Cependant, la même volonté d’imaginer l’homme « à l’état de nature », a conduit Hobbes à développer une thèse diamétralement opposée selon laquelle l’état de nature est un état de guerre permanent, ce qui explique le développement de la société qui permet aux hommes de se protéger les uns des autres en se soumettant aux mêmes lois. Ainsi ni l ’observation scientifique, ni la spéculation philosophique ne semblent capables de nous assurer d’une définition de la nature humaine. Et si celle-ci n’existait pas ?
Dans un deuxième temps, nous allons donc voir quelles sont les raisons qui peuvent nous amener à douter de l’existence de la nature humaine et à penser que tout ce que nous estimons « naturel » n’est en fait que le fruit de la culture et de l’éducation.
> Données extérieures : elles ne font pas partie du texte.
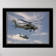 Um impressão de 11x14 de dois helicópteros militares do exército que voam através de um céu azul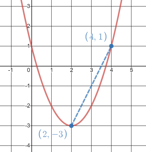 The parabola shown represents the graph of a function f(x). Use the dashed line to approximate the average rate of change of f(x) between x=2 and x=4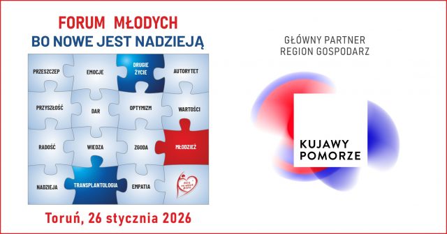 Forum Młodych – BO NOWE JEST NADZIEJĄ w Toruniu zbliża się wielkimi krokami. Już 26 stycznia w Ogólnopolskim Dniu Donacji i Transplantacji uczniowie szkół ponadpodstawowych z województwa kujawsko-pomorskiego zasiądą w Kujawsko-Pomorskiej Arenie Toruń, by poszerzać swoją wiedzę o donacji i transplantacji, poznać historie osób po przeszczepieniu, przekonać się, że transplantacja daje drugie życie. Partnerem Wydarzenia jest Marszałek Województwa Kujawsko-Pomorskiego i jest ono współfinansowane ze środków budżetu Samorządu Województwa Kujawsko-Pomorskiego. Dzięki Waszemu wsparciu młodzież dowie się, że mamy w sobie niejedno życie!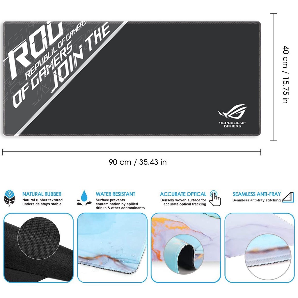 ROG Custom Mousepad Black Extended Mousepad Large Gaming Mousepad Stitched Edge Deskpad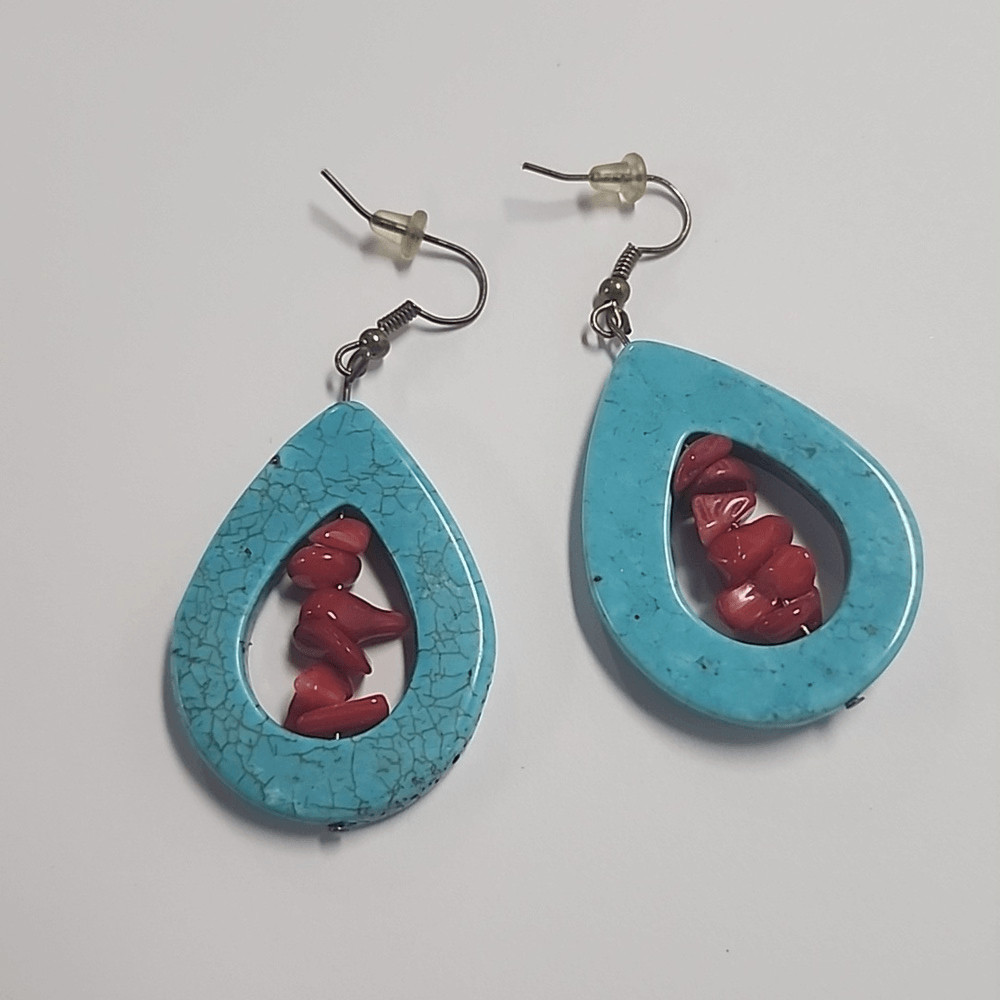 как выглядит Blue Howlite Earrings Teardrop Dangle Earrings Red Bead Center фото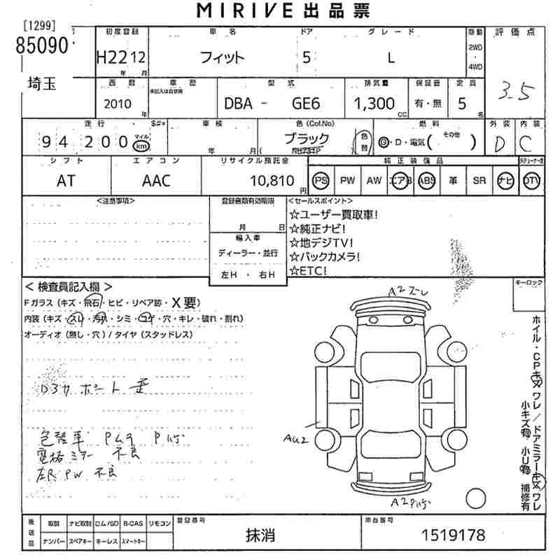 G | DBA-GE6 | L13A | FF | 5MT | 1339cc | 100ps(73kW)/6000rpm | AИ-92 | 1 230 000 | |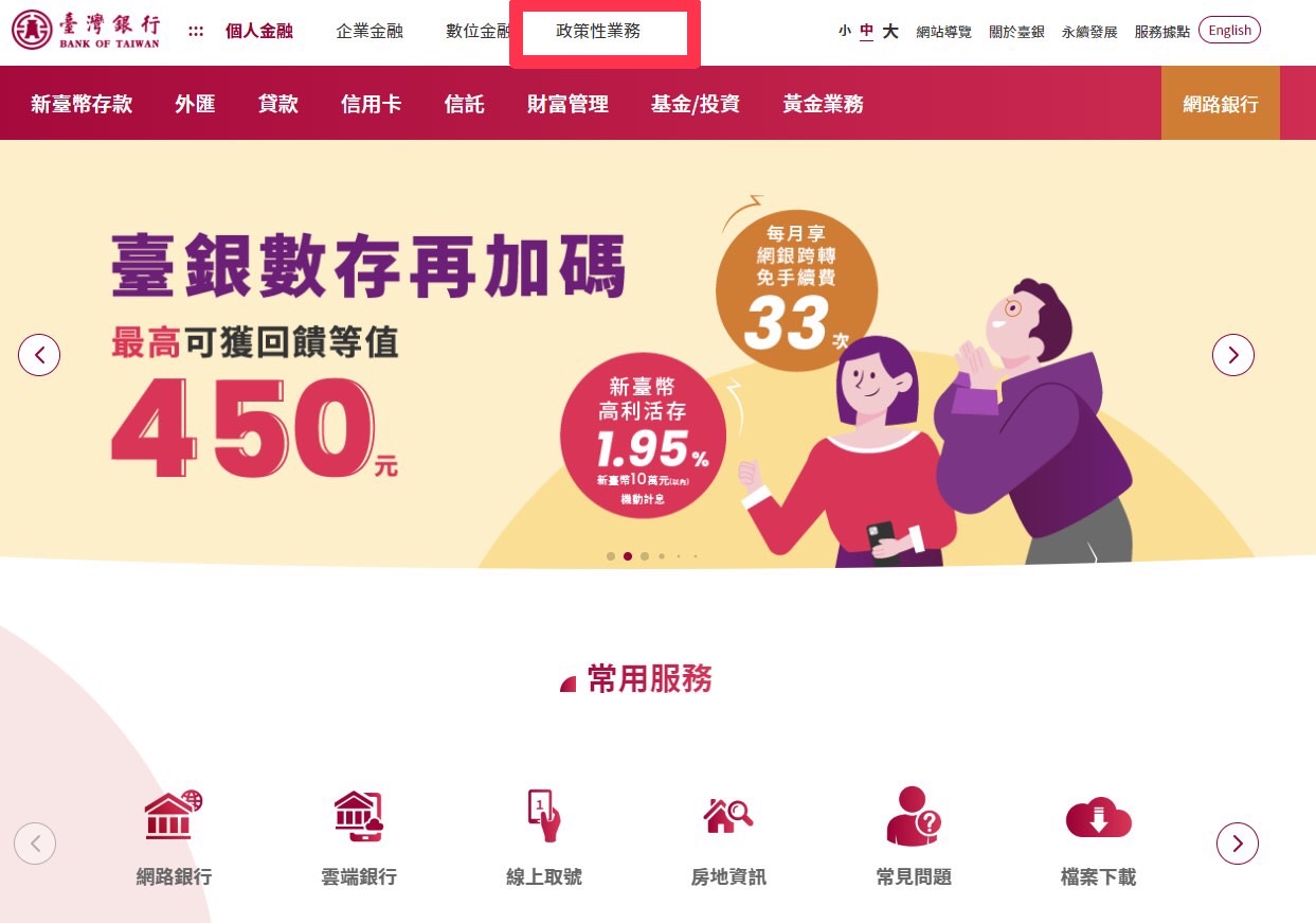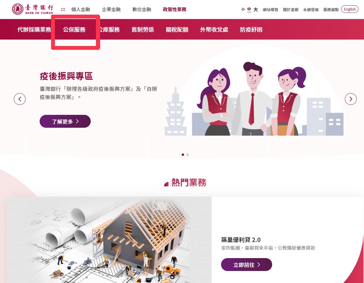 臺灣銀行全球資訊網升級,「公保服務」網頁歸屬網站四大服務之「政策性業務」項下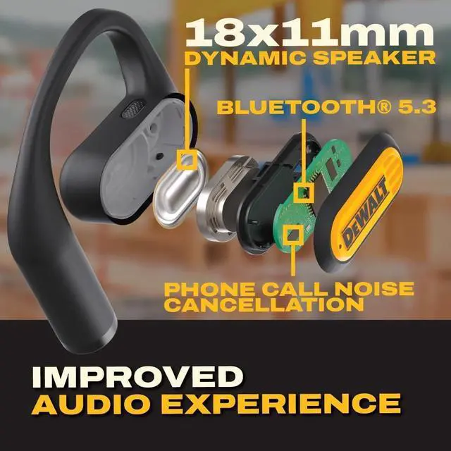 Jobsite-Safe Open Ear Design: Air conduction headphones technology directs sound toward your ear canal while keeping your ears open to surrounding noise stay alert and safe on the jobsite or outdoors with open earbuds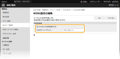 操作パネルで設定するときホーム画面の<メニュー>からWINS設定を行うこともできます。<WINS設定>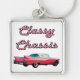 Grande chaveiro de metal de alta qualidade quadrada com uma imagem de um Cadillac rosado clássico e as palavras "Chassi clássico" (gíria de 50) em letras de bolinhas rosa e preto no estilo 50. Consulte botão quadrado correspondente e colar quadrado. Veja toda a coleção de Chaveiros Nifty 50 nos TOUCHES ESPECIAIS | Seção Favoritos para festas.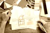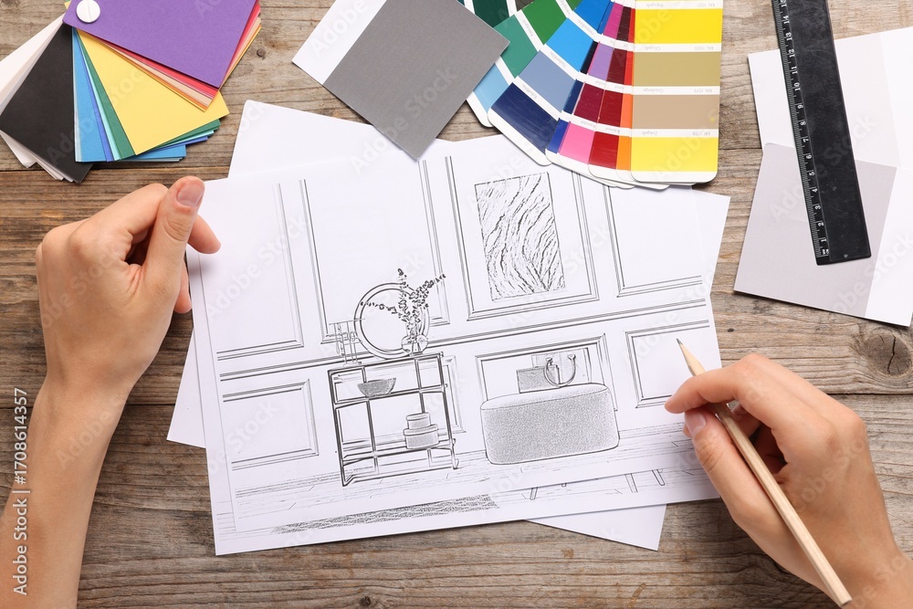 Woman drawing sketch of room interior at wooden table, top view
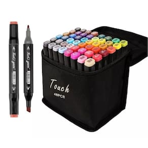 Tampas codificadas por cores e tampas: As tampas codificadas por cores facilitam a organização e identificação rápida das cores. O design ergonômico das canetas proporciona conforto no uso prolongado. Acompanha um estojo de transporte preto para facilitar o armazenamento.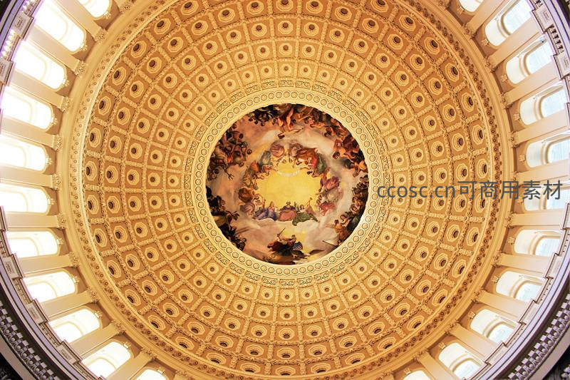 宏伟穹顶壁画与古典建筑细节仰拍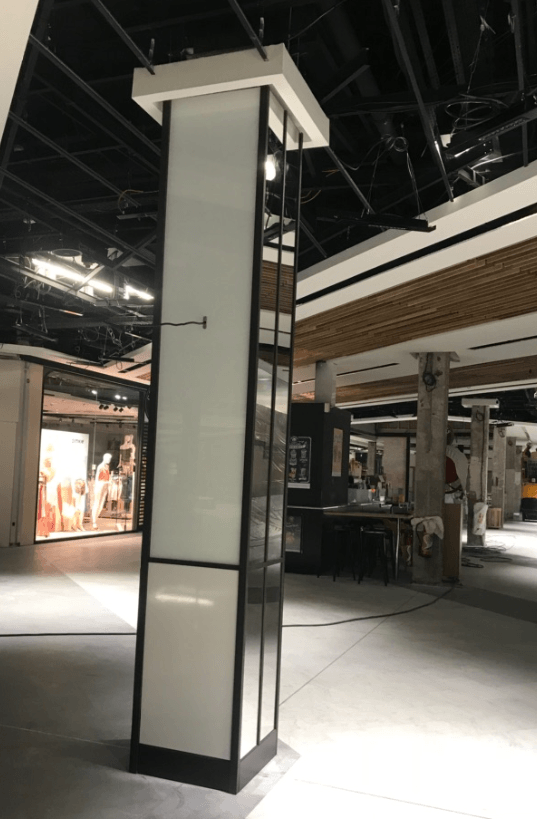 Rénovation : habillage inox mur et plafond, mains courantes acier, portes sorties de secours, façades de commerces, structures plafond en métal avec dispositions de panneaux LED.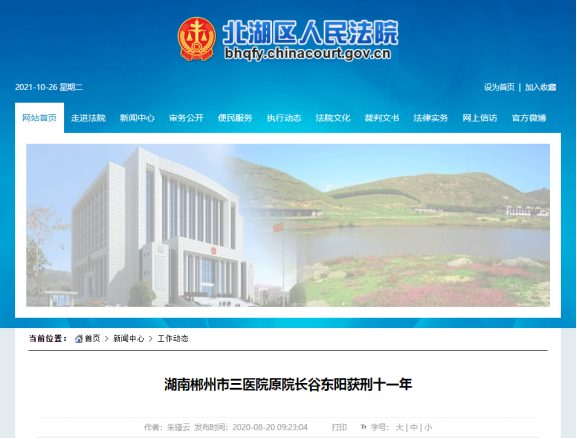 湖南省郴州市北湖区人民法院于2020年4月17日开庭审理了郴州市第三人民医院院长谷东阳因涉嫌受贿罪、巨额财产来源不明罪、滥用职权罪案,同年8月20日再次公开开庭审理并当庭宣判:被告人谷东阳犯受贿罪,判处有期徒刑七年六个月,并处罚金人民币二十万元;犯滥用职权罪,判处有期徒刑二年;犯巨额财产来源不明罪,判处有期徒刑三年;数罪并罚,决定执行有期徒刑十一年,并处罚金人民币二十万元。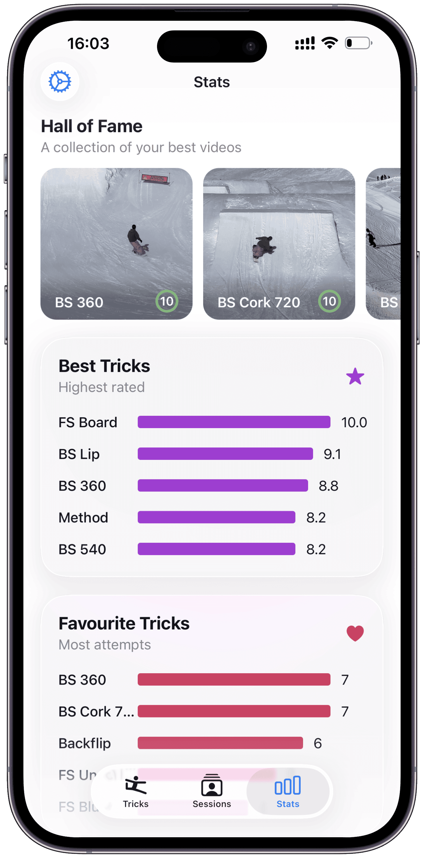 Track your progress in any action sport.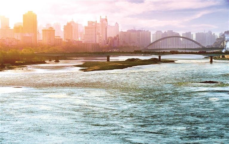 河分南北,勢接?xùn)|西。舒寧陜之博帶廣袖,帶青藏之峨冠雪衣。山逶迤而續(xù)祁連,水澎湃而瀉右?guī)?。匯洮湟之迤邐,有容乃大;與華夏之康莊,唇齒相依??睾游髯呃?,自古而始;俯渭涇秦川,由朝至夕。綴葫蘆狀岸渚坪灘,幾多古渡;依膏腴處坡谷盆地,即就蕃息。筑虹蜺經(jīng)百年,鐵橋第一;盤游龍於今朝,立交數(shù)十。去病鞭地,五泉山勝于秀逸;永誠建院,白塔寺高于云齊。指點九州,大禹登九州之臺;漂流黃河,洋人恐招手之磯。草覆馬銜而能牧,林茂興隆云可棲。繞營盤高嶺排五,峙雄關(guān)沿河有七。留千古名,白馬浪細(xì)聽湍流不息;鎖萬代鑰,金城關(guān)只留站牌不奇。雷壇留碑,金天觀曾殿宇壯麗;華林無寺,節(jié)能燈照幽路石基。湍流黃河,九曲回腸依然東去;水轉(zhuǎn)輪盤,十方高地亦滿紛披。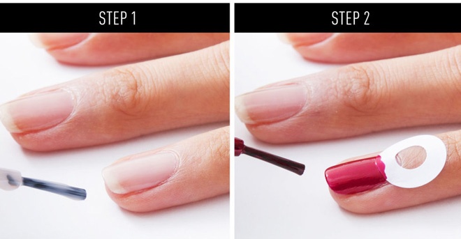 | Bắt đầu bằng cách chuẩn bị 1 lọ sơn bóng, 1 lọ sơn đỏ, 10 hình tròn nhỏ bằng giấy bìa cứng, 1 ít keo trong và 10 hạt đá thủy tinh trong suốt. Phết lớp sơn bóng lên toàn bộ móng. Để khô hoàn toàn rồi dùng giấy bìa cứng hình tròn che bớt phần góc móng. Phết thêm lớp sơn màu đỏ lên, bỏ qua phần bao phủ bởi miếng bìa như ảnh hướng dẫn. |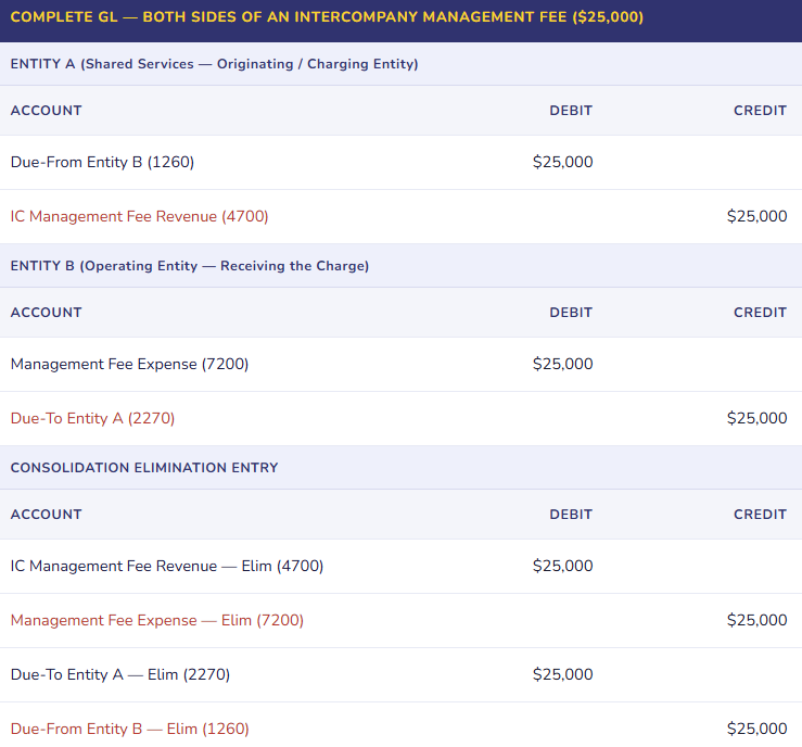 - Entity A: Dr. Due-From B / Cr. IC Revenue

On utilise souvent l’expression « c’est une seconde nature » pour évoquer un trait de caractère, un comportement ou une habileté qui est si bien acquise ou si bien ancrée dans nos habitudes qu’elle semble naturelle. Par exemple, nous écrivons de manière si spontanée et sans réfléchir au moindre de nos gestes, que cela semble naturel. Pourtant nous savons à quel point cela a mis de temps et nous a demandé d’efforts pour acquérir le geste d’écriture. Aussi on peut se demander s’il n’en va pas de même de certains traits de ce que nous pensons être notre nature humaine, notre humanité. L’humanité peut en effet ici avoir deux sens. Au sens neutre, c’est l’ensemble des qualités (au sens de « caractéristiques ») propres aux êtres humains. Mais au sens moral, il s’agit de nos belles qualités humaines, de nos vertus morales qui font de nous des êtres bienveillants envers notre prochain, comme quand on dit de quelqu’un qui est bénévole dans une association humanitaire qu’il « fait preuve d’humanité ». Or nous avons vu que selon Rousseau la pitié était une vertu parfaitement naturelle. Sauf qu’on ne peut que constater qu’une bonne partie de nos actes vertueux, comme laisser sa place dans le bus à une personne âgée ou tout simplement faire preuve de politesse, ont souvent pour origine des règles morales acquises par l’éducation. C’est ce que soutient John-Stuart Mill dans son essai intitulé La nature. Pour lui en effet, « ce n’est qu’après une longue pratique d’une éducation artificielle que les bons sentiments sont devenus si habituels, et ont si bien pris le dessus sur les mauvais, qu’ils se manifestent spontanément quand les circonstances le demandent ». Mill se situe donc plutôt dans la lignée de Hobbes : il ne nie pas l’existence d’une nature humaine, mais si celle-ci existe, elle est très loin d’être morale et vertueuse. Il en va pour lui de la morale comme de l’écriture : elle n’est pas du tout innée, mais acquise par un long travail éducatif et devient pour nous une seconde nature, ce qui expliquerait la méprise de Rousseau. Notre « humanité » ne serait donc pas du tout naturelle, mais fabriquée par la famille, la société et l’éducation.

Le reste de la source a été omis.